Les années soixante sont des années de transformations importantes pour le Maroc et pour une ville comme Casablanca. Ces transformations ont été vécues par chacun d’une certaine manière dans les quartiers de villes. Pour ma part, il y avait deux événements marquants. Le premier qui a marqué toute une génération c’est celui de mars 65 qui va faire basculer le Maroc vers l’état d’exception. L’évènement a fait des centaines de morts et de blessés. Il a commencé  d’une manière imprévisible dans les lycées pour enflammer toute la ville. Mon père est venu nous chercher tôt de l’école pour nous ramener à la maison pour n’en sortir qu’à la fin des événements. On entendait des balles siffler, je ne comprenais pas grand-chose.Quelques jours après, lorsqu’on a recommencé à sortir, j’a rencontré un ami qui, tristement, me raconta que son grand frère qui était dans la rue, a été touché par une balle et il s’est vidé de son sang sans qu’il trouve secours. Je ne comprenais toujours pas le sens de tout cela, mais je partageais sa tristesse. Après 65 ans, mes souvenirs du quartier sont devenus plus opaques, je ne retenais plus grand-chose.

Qu’est-ce qui distingue Derb Sultan des autres quartiers de Casablanca?

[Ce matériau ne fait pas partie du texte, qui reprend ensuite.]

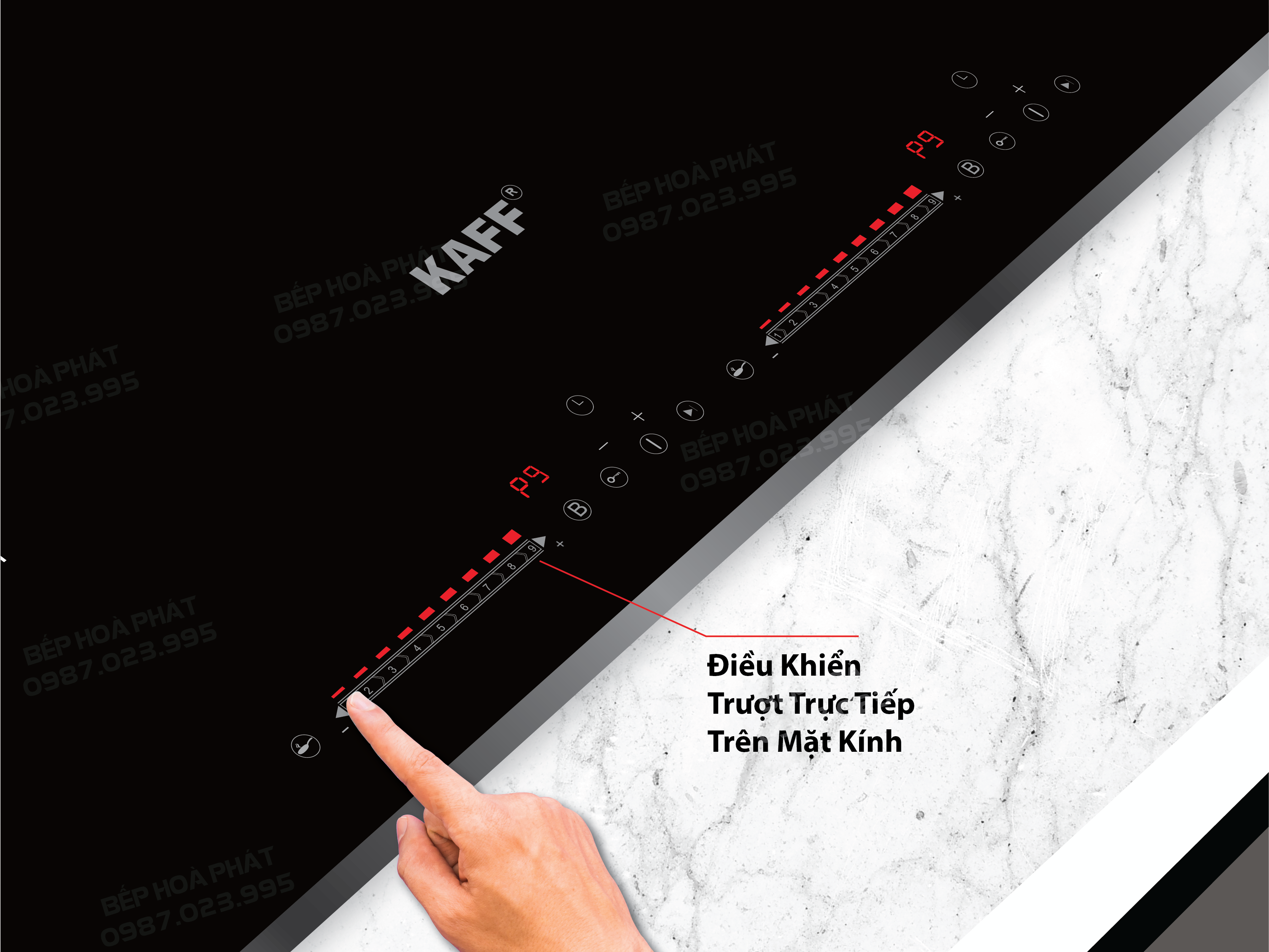 - Bàn phím điều khiển dạng trượt slide của bếp từ đôi KAFF KF - FL 1098II kết hợp dạng cộng trừ thiết kế độc lập với 9 mức công suất giúp cho chị em sử dụng bếp với các thao tác nấu nướng dễ dàng hơn bao giờ hết. Bàn phím điều chỉnh siêu nhạy dùng được kể cả khi tay ướt, cho các mức nấu giúp cho công việc nấu ăn trở nên đơn giản hiệu quả và nhanh chóng.
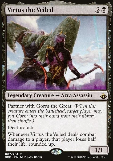 Whenever Virtus the Veiled deals combat damage to a player, that player loses half their life, rounded up.

Derb Sultan appartient aux vieux quartiers de Casablanca avec la Médina, Derb Ghallef et Hay Mohammadi, ce sont des lieux d’effervescence, de mouvement et sont composés d’un ensemble de sous quartiers. Derb Sultan a eu aussi la particularité d’intégrer plusieurs catégories sociales et plusieurs types d’activités. Aujourd’hui c’est un grand quartier populaire. Avec des activités commerçantes disparates. Dans Derb Sultan des années soixante, les maisons étaient habitées par leurs propriétaires, qui les avaient construites.  Aujourd’hui, ces maisons ont été subdivisées et sous louées , les terrasses ont été construites en tôles. De nouvelles formes de bidonvilles ont vu le jour. Le quartier s’est densifié, paupérisé, les jeunes attendent. Les gens ont l’impression d’avoir subi une chute sociale. Il reste le Raja, les commerces de Grigouane et de Qoréa, Garage Allal, les rudes traversées des Kissarias. A Derb Sultan, les cinémas ont fermé et Oum Keltoum s’est tue.